___ DATASET EXCERPT ___

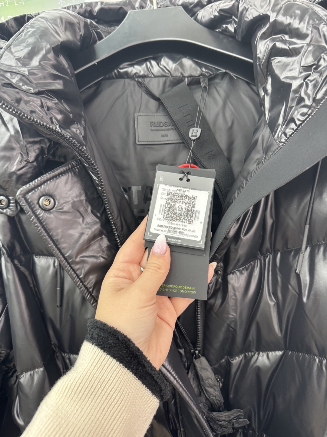 Selling a Rudsak black down puffer coat! It's in great condition and perfect for the cold Canadian winter. The coat features a stylish belt and a sleek, shiny finish. This is a stylish and functional outerwear piece!
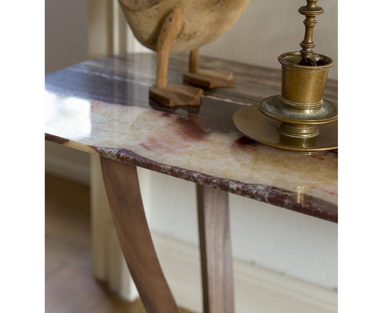 Небольшие столы и консоли разных размеров с металлическим основанием и мраморной / каменной столешницей. Варианты отделки металлического основания: медь, бронза, коричневый. Варианты мрамора и камня: мрамор MAGIC BROWN, мрамор CALACATTA WHITE, мрамор MARQUINA BLACK, мрамор DAINO REALE, мрамор EMPERADOR BROWN, ONICE ROSSO и TRAVERTINO ROSSO PERSIA.
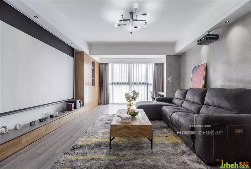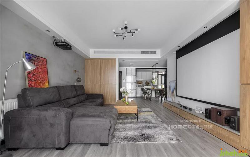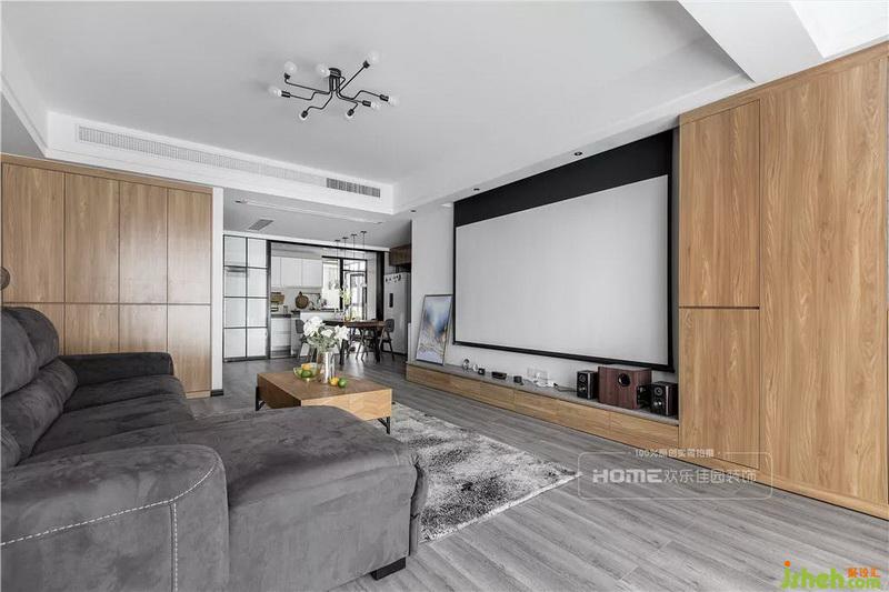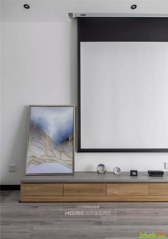 业主舍弃传统的电视和电视柜,用隐藏式的投影幕布代替,拥有极佳的休闲体验;定制的组合式连体柜,和沙发左侧的储物柜相互呼应,整体感连贯统一。
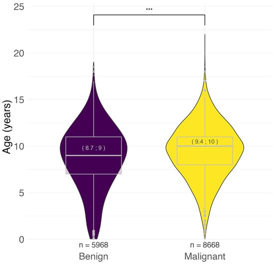 Considering the entire dataset, the age at tumor diagnosis ranged from <1 to 22 years. The mean and median ages were lower for benign tumors (8.7 and 9.0 years, respectively) than for malignant tumors (9.4 and 10.0 years) (Figure 1).

___

• **TASK TO COMPLETE**
The first line of the listing through the line with "业主舍弃传统的电视和电视柜,用隐藏式的投": repeat exactly that span and nothing more, skipping pictures.

• **SOLVED PROBLEM**
 Selling a Rudsak black down puffer coat! It's in great condition and perfect for the cold Canadian winter. The coat features a stylish belt and a sleek, shiny finish. This is a stylish and functional outerwear piece!
 Небольшие столы и консоли разных размеров с металлическим основанием и мраморной / каменной столешницей. Варианты отделки металлического основания: медь, бронза, коричневый. Варианты мрамора и камня: мрамор MAGIC BROWN, мрамор CALACATTA WHITE, мрамор MARQUINA BLACK, мрамор DAINO REALE, мрамор EMPERADOR BROWN, ONICE ROSSO и TRAVERTINO ROSSO PERSIA.
 业主舍弃传统的电视和电视柜,用隐藏式的投影幕布代替,拥有极佳的休闲体验;定制的组合式连体柜,和沙发左侧的储物柜相互呼应,整体感连贯统一。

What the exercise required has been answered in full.